--- Activity ---
When you repeat the listing below, keep every word exactly and leave out each picture.

--- Data excerpt ---
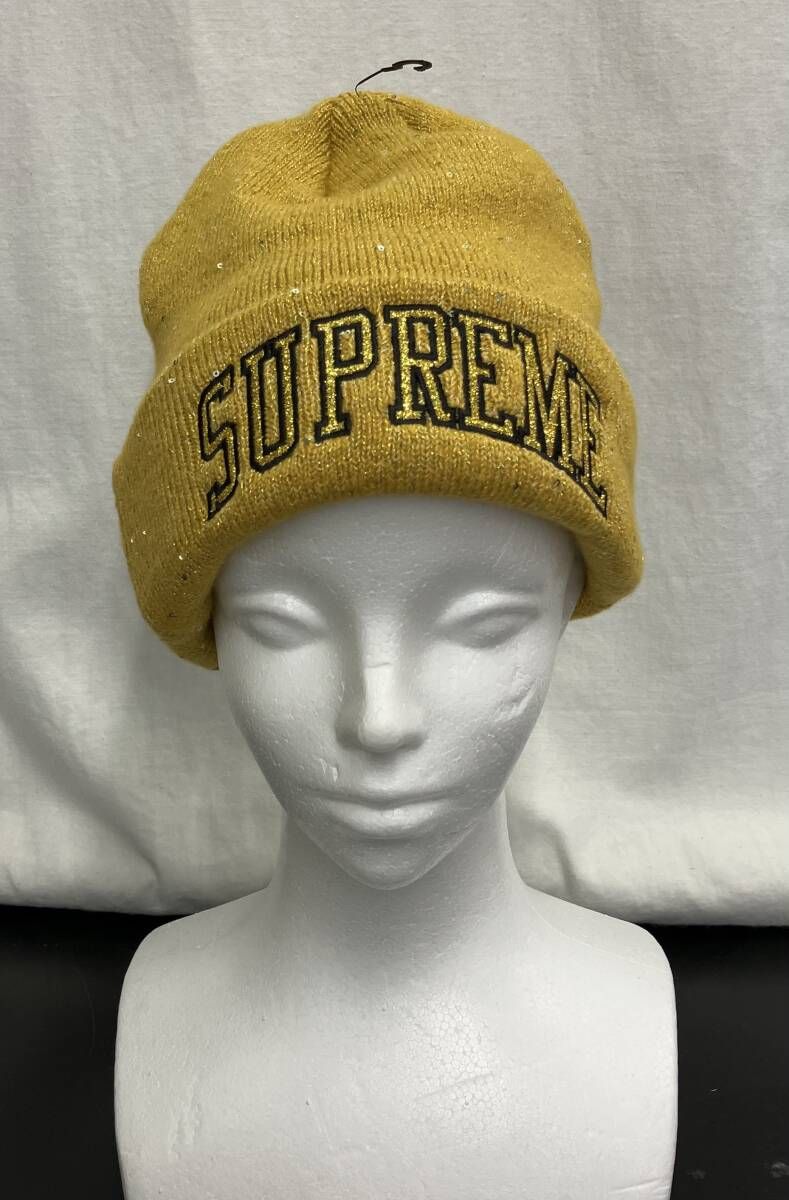 タグ付き Supreme NewEra Metallic Arc Beanie GOLD
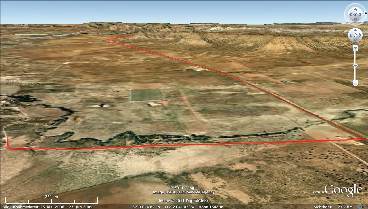 Mit dem Auto hat man keine Chance. Ich habe mir die Gegend nun zum zweiten Mal intensiv angeschaut und denke man kann da nicht schummeln. Also, wenn Hunt’s Mesa, dann für Geld mit Tourguide und ganz offiziell.
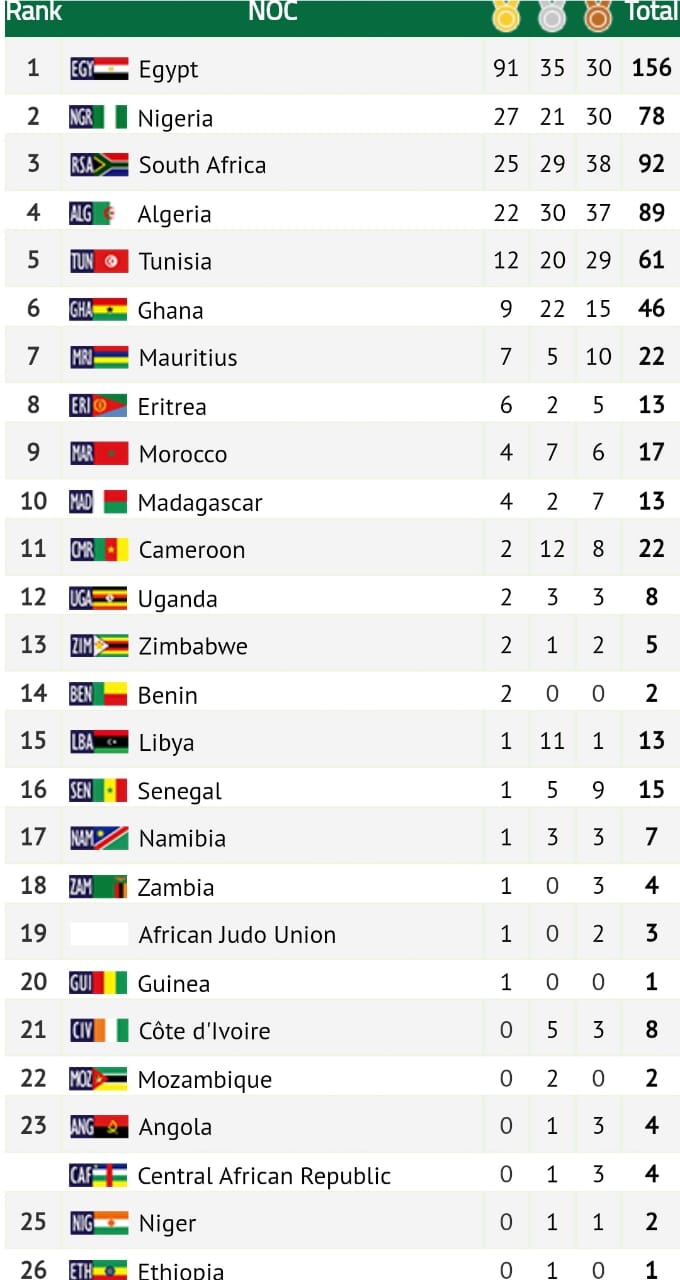 واصلت البعثة الرياضية المصرية المشاركة فى دورة الألعاب الأفريقية الثالثة عشر بالعاصمة الغانية أكرا خلال الفترة من 8 حتى 23 مارس الحالى تفوقها وتصدرها لترتيب منافسات فى مختلف الالعاب برصيد " 156" ميدالية متنوعة " 91 ذهبية، 35 فضية، 30 بروزنزية ".

--- Answer section ---
 タグ付き Supreme NewEra Metallic Arc Beanie GOLD
 Mit dem Auto hat man keine Chance. Ich habe mir die Gegend nun zum zweiten Mal intensiv angeschaut und denke man kann da nicht schummeln. Also, wenn Hunt’s Mesa, dann für Geld mit Tourguide und ganz offiziell.
 واصلت البعثة الرياضية المصرية المشاركة فى دورة الألعاب الأفريقية الثالثة عشر بالعاصمة الغانية أكرا خلال الفترة من 8 حتى 23 مارس الحالى تفوقها وتصدرها لترتيب منافسات فى مختلف الالعاب برصيد " 156" ميدالية متنوعة " 91 ذهبية، 35 فضية، 30 بروزنزية ".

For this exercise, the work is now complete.